Al Emadi – Air-conditioning

Refrigerant Piping

Refrigerant Piping

Refrigerant piping is an process where heat is move from one location to another by the use of refrigerant in a closed cycle. A refrigeration cycle consists of oil management, gas and liquid separation, subcooling, superheating, piping of refrigerant in a liquid and gas, and two-phase flow in the condenser drain line.

Applications include air conditioning, commercial refrigeration, and industrial refrigeration.

Desired characteristics of a refrigeration system may include:

  • Year-round operation, regardless of outdoor ambient conditions;
  • Possibly wide load variations during short periods without serious disruption of the required temperature levels;
  • Frost control for continuous-performance applications;
  • Oil management for different refrigerants under varying loads and temperatures; and
  • System efficiency, maintainability, and operating simplicity.

A successful refrigeration system depends on a good piping design and an understanding of the required accessories.

Refrigerant line velocities

Economics, pressure drop, noise, and oil entrapment establish feasible design velocities in refrigerant lines.

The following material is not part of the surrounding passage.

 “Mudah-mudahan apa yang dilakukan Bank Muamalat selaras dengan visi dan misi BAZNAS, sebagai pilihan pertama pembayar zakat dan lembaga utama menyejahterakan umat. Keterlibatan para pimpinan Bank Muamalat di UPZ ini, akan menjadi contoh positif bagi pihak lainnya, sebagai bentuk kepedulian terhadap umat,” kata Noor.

These are:

Suction line – 700 to 4,000 fpm

Discharge line – 500 to 3,500 fpm

Condenser drain line – 100 fpm or less

Liquid line – 125 to 450 fpm

Higher gas velocities are sometimes found in relatively short suction lines on comfort air conditioning or other applications where the operating time is only 2,000 to 4,000 hrs per year and where the low initial cost of the system may be more significant than low operating cost.

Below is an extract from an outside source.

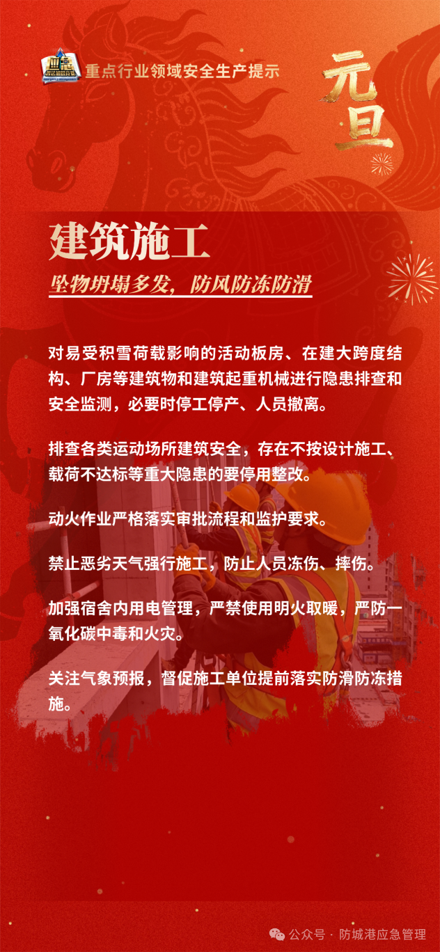 2026年元旦春节假期重点领域安全生产提示

Industrial or commercial refrigeration applications, where equipment runs almost continuously, should be designed with low refrigerant velocities for the most efficient compressor performance and low equipment operating cost.

The liquid line from the condenser to the receivers should be sized for 100 fpm or less to ensure positive gravity flow without incurring a backup of liquid flow. Liquid lines from the receivers to the evaporator should be sized to maintain velocities below 300 fpm, thus minimizing or preventing liquid hammer when solenoids or other electrically operated valves are used.